Cache memory is intended to give memory speed approaching that of the fastest memories available. The concept is illustrated in Figure 2.1
Figure 2.1 Cache and Main Memory
When the processor attempts to read a word of memory, a check is made to determine if the word is in the cache. If so, the word is delivered to the processor. If not, a block of main memory, consisting of some fixed number of words, is read into the cache and then the word is delivered to the processor. There will be future references to that same memory locating or to other words in the block.
Figure 2.2 Cache/Main Memory Structure
If a word in a block of memory is read, that block is transferred to one of the lines of the cache. Because there are more blocks than lines, an individual line cannot be uniquely and permanently dedicated to a particular block. Thus, each line includes a tag that identifies which particular block is currently being stored. The tag is usually a portion of the main memory address.

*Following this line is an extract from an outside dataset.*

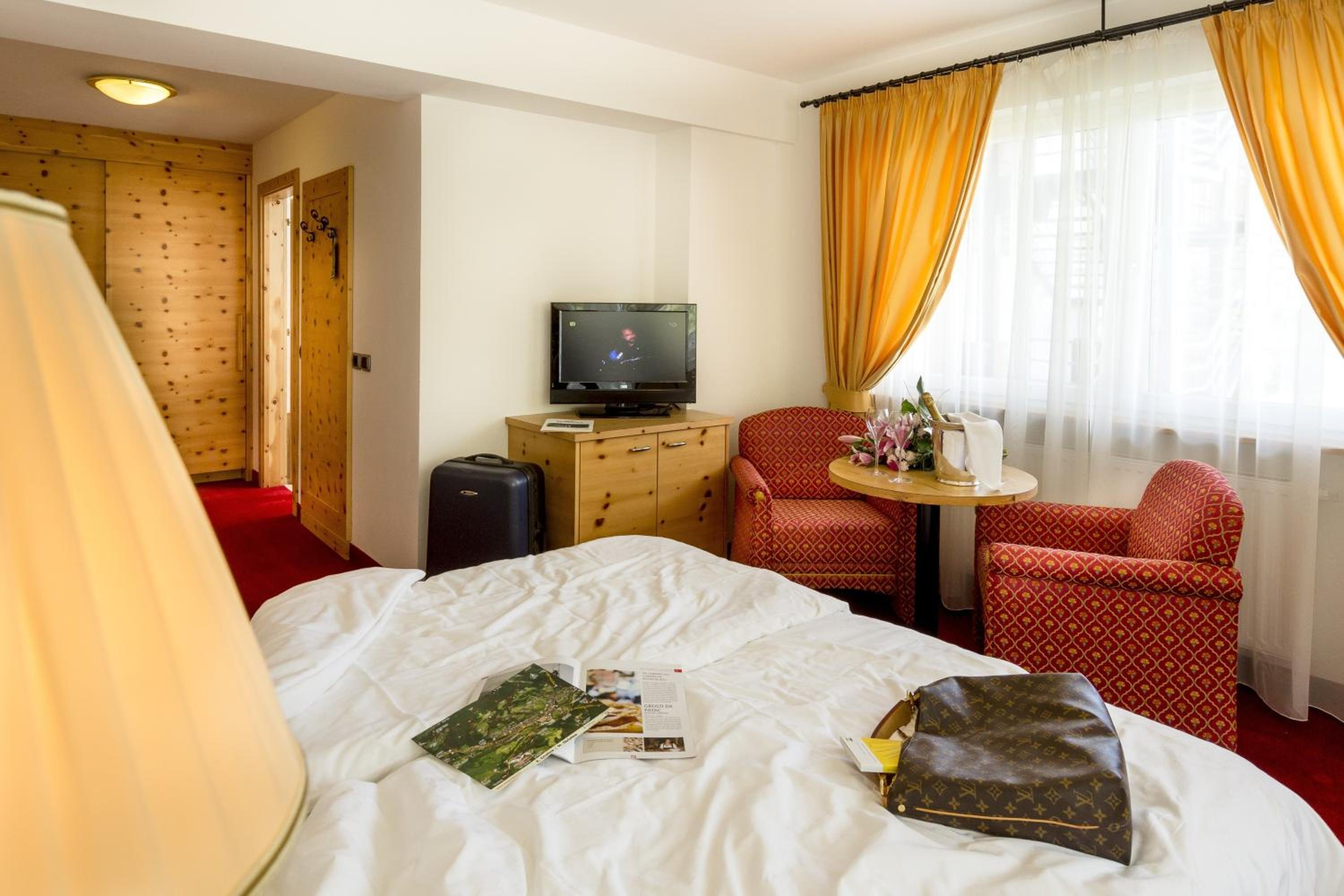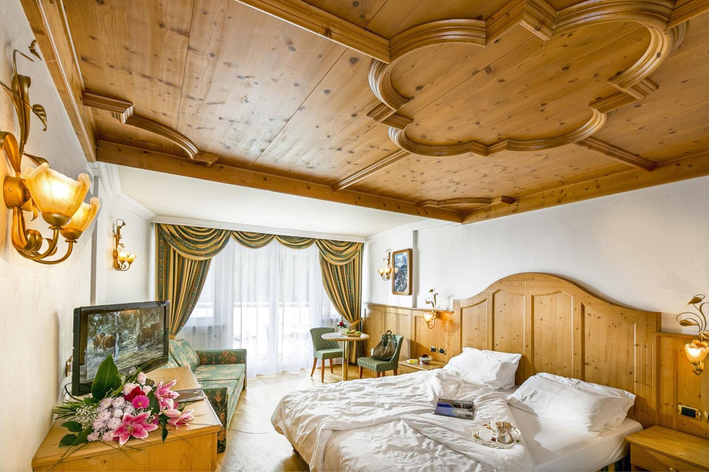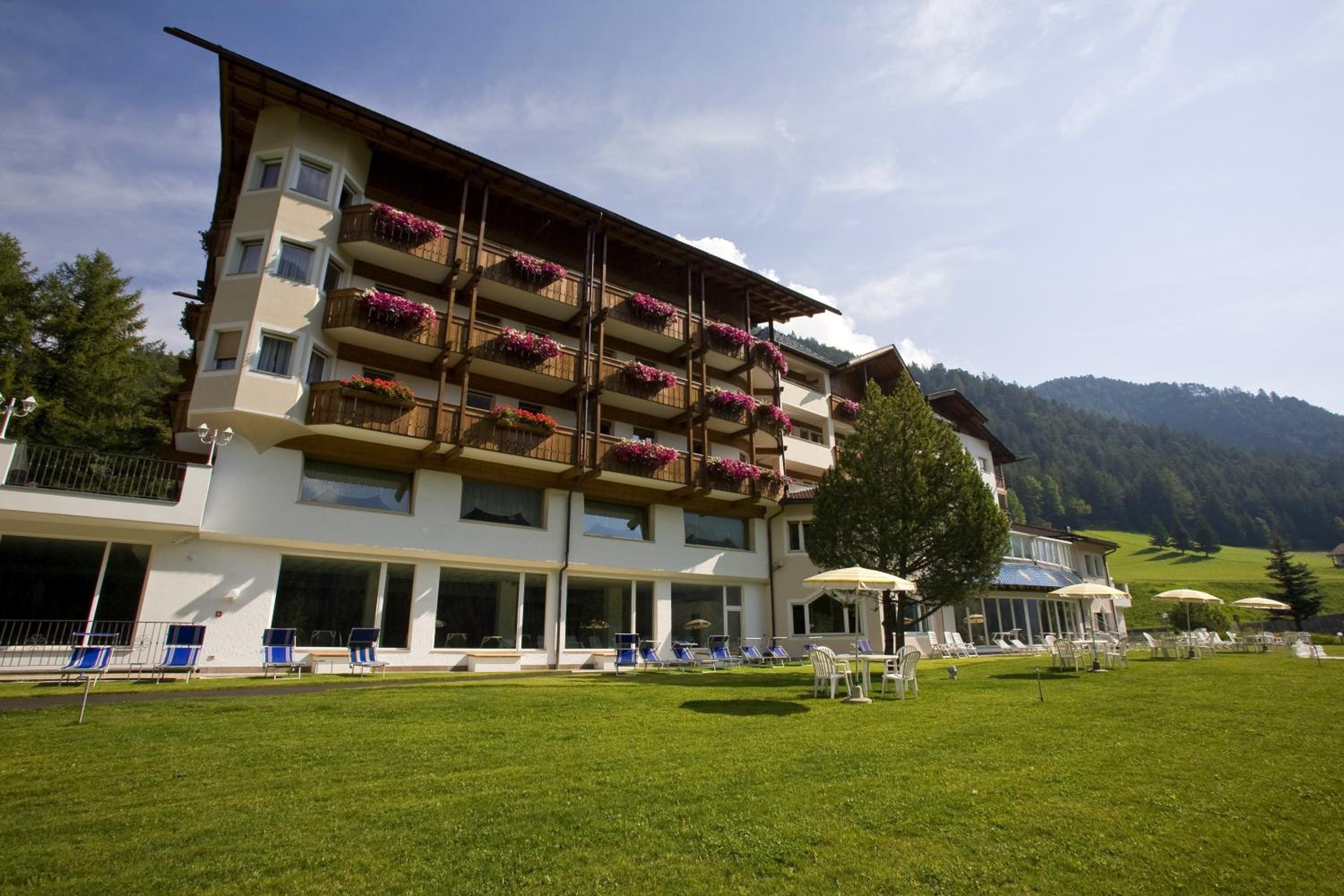 Indulge in the free wellness centre with an indoor pool, traditional Alpine design, tennis court, children's playroom, and games room. The elegantly furnished rooms with balconies provide breathtaking views of the Dolomites.

Figure 2.3 illustrates the read operation. The processor generates the address, RA, of a word to be read. Figure 4.3 shown the last two operations occurring in parallel and reflects the organization shown in Figure 2.4, When a cache hit occurs, the data and address buffers are disabled and communication is only between processor and cache, with no system bus traffic. When a cache miss occur, the desired address is loaded onto the system bus and the data are returned through the data buffer to both the cache and the processor.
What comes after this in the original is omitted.